Testimony set to continue in murder trial
By John Joyce
Published in News on February 10, 2016 1:46 PM
Testimony continued today in the murder trial of James Carnell Howard, the man Goldsboro police say shot and killed two hotel employees in a 2009 robbery.
Howard, representing himself, asked one question of one witness throughout all of Tuesday's testimony.
According to the prosecution, Howard and his girlfriend, Alexis "Angel" Gurganus, frequented the America's Best Value Inn in Goldsboro up until the time of the murder.
"She stayed there 17 times in the 30 days leading up to the shooting," District Attorney Matthew Delbridge told the jury. "And guess who was with her," he said, pointing at Howard.
In his opening statement, Delbridge informed the jury his case would rely heavily on physical evidence. He described how DNA taken from the doorknob inside the victims' hotel room -- Suryakat and Bahavanaben Patel lived and worked in the hotel -- and how Mr. Patel's cell phone was traced back to Howard.
Delbridge said the killer entered the Patels' room, killed the couple firing at least five shots, and stripping them of all of their valuables, including Patel's pink flip phone. Investigators were able to trace the phone, still operating, to a dumpster in the Alpha Arms community where Howard's brother lived.
Under pressure from the police, his brother confessed to receiving the phone from Howard the night of the murder, and disposing of it at Howard's request.
Delbridge described how the Patels were known well throughout the community surrounding the hotel, and how Howard had been seen frequently in the company of Mr. Patel, known at the hotel as "Mini Me" due to his diminutive stature.
The last time the two men were seen together was the last time Patel was seen alive, he said.
Thirty days after the double murder, investigators working on an unrelated robbery went to the Irish Inn, another hotel in Goldsboro, to arrest Howard. In his room they found a firearm behind his bed. Forensics experts later matched the bullets and gun to those used to kill the Patels.
Delbridge paraded a host of witnesses to and from the stand Tuesday, including the hotel maintenance man that used a master key to enter the Patels' room the day after the murder when they failed to report for work, and the police officers who responded to the scene.
Capt. Dwayne Dean, the lead investigator in the case who was at the time a sergeant with the investigations bureau, took the stand late Tuesday afternoon.
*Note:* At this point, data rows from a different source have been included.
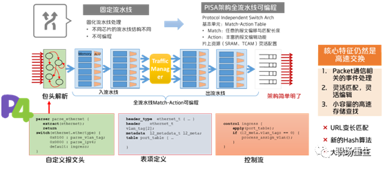 p4 为一种高级可编程协议无关处理语言,结合可编程交换机芯片,编程能力强,可以实现业务offload 到硬件,转发面 p4lang 定制开发,控制面可通过 Apache Thrift、gRPC 接口远程管理,生态繁荣包括P4 Runtime、Stratum;
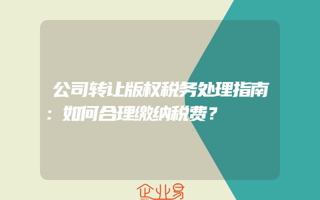 - 公司转让版权税务处理指南:如何合理缴纳税费?
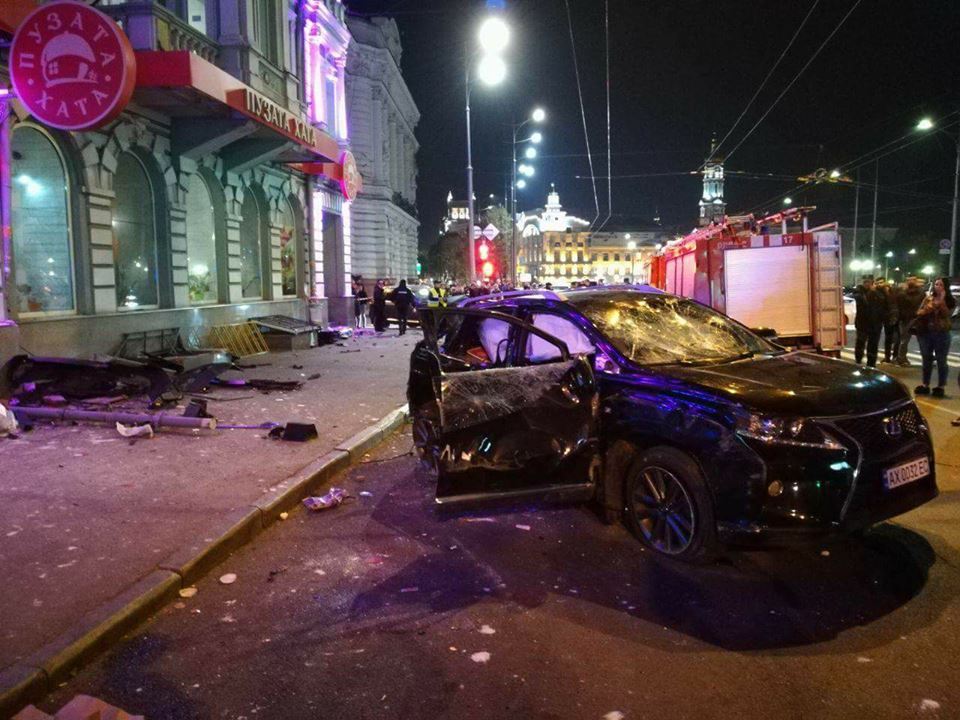"В результате столкновения Lexus вылетел на тротуар ул.Сумская и совершил наезд на 11 пешеходов, 5 из которых погибли на месте (4 девушки и молодой парень), остальные были доставлены в медучреждения", - говорится в заявлении силовиков.
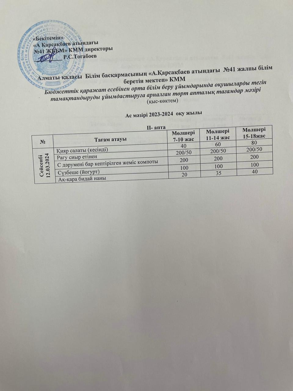 Ас мәзірі 12.03.2024 жыл. II апта II күн.
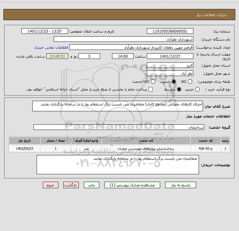 شرح کلی نیاز: اجرای کارهای عمرانی (مقاطع کاری) متقاضیان می بایست برگ استعلام بها را در سامانه بارگذاری نمایند

His testimony was to resume this morning.
Howard, who maintains his innocence, asked only one question during Tuesday's testimony. He asked retired Goldsboro police officer Glenn Hales, one of the first to arrive at the scene, whether the door to the hotel room was open, locked and closed or unlocked but closed when he arrived.
Hales said the door was closed, but he could not recall whether the maintenance man had to unlock it again after he had opened it the first time, or if was left unlocked.